#### [Problem details]
Your reply should set down word for word each line below from the one with "Аккуратно проткните вздутие" through the final line, both included, but none of the pictures.

#### [Data extracts]
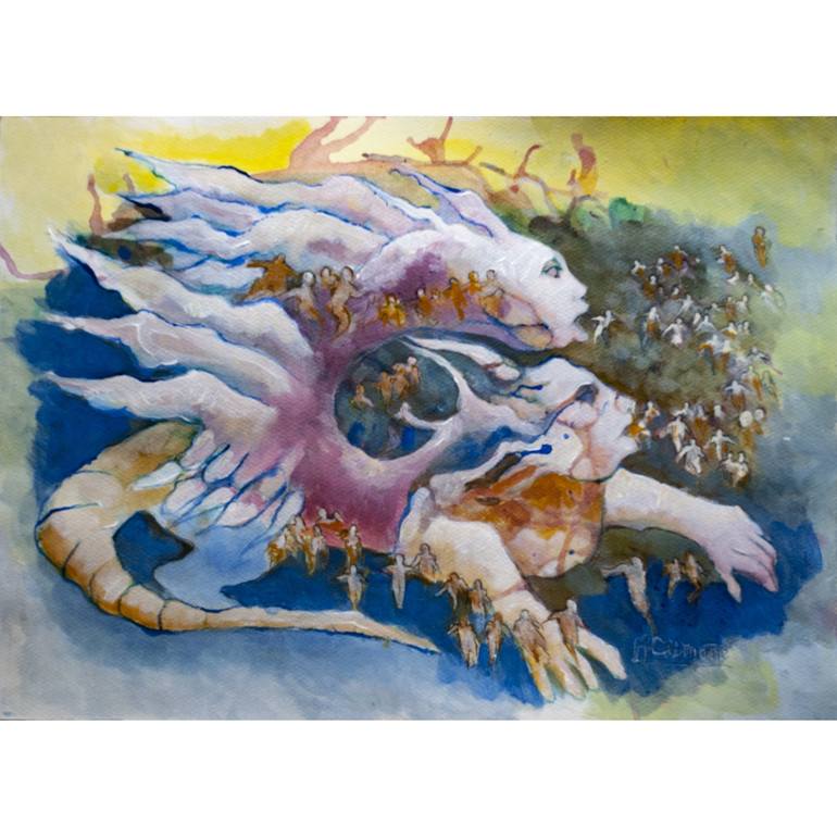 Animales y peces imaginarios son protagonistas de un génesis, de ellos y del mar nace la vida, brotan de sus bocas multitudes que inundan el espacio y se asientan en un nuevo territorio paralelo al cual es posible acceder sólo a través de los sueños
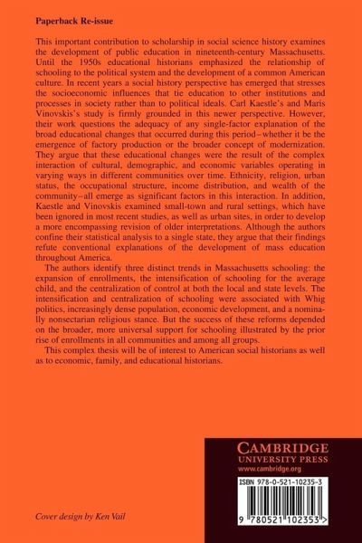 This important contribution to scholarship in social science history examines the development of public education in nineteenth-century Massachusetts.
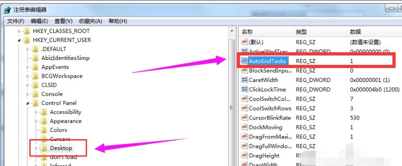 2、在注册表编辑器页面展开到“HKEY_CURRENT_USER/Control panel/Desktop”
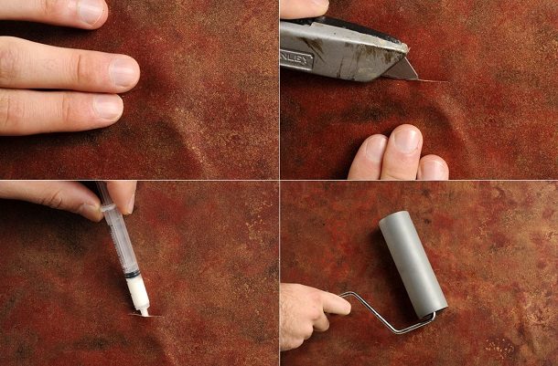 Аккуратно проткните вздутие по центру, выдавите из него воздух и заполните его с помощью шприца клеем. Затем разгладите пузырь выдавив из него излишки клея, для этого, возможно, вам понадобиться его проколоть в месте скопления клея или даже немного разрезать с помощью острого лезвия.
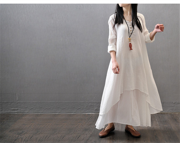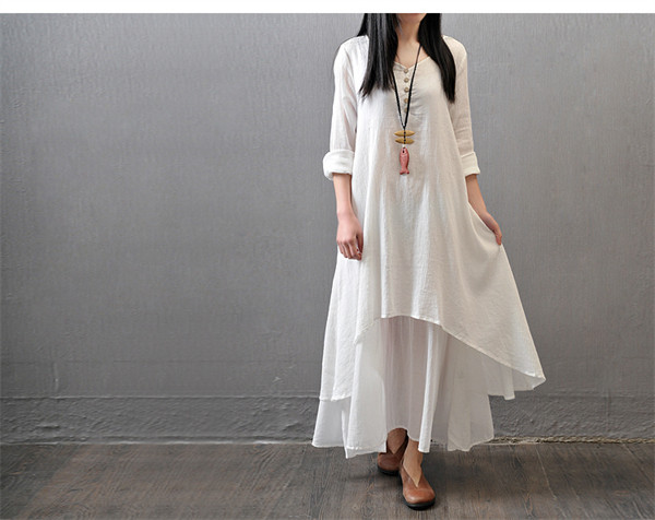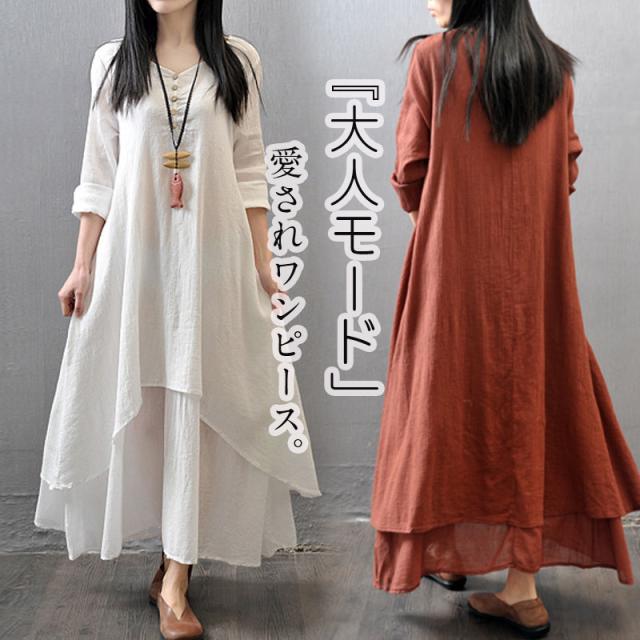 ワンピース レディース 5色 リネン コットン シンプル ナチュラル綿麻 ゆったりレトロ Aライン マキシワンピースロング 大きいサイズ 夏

#### [Solution to this exercise]
 Аккуратно проткните вздутие по центру, выдавите из него воздух и заполните его с помощью шприца клеем. Затем разгладите пузырь выдавив из него излишки клея, для этого, возможно, вам понадобиться его проколоть в месте скопления клея или даже немного разрезать с помощью острого лезвия.
 ワンピース レディース 5色 リネン コットン シンプル ナチュラル綿麻 ゆったりレトロ Aライン マキシワンピースロング 大きいサイズ 夏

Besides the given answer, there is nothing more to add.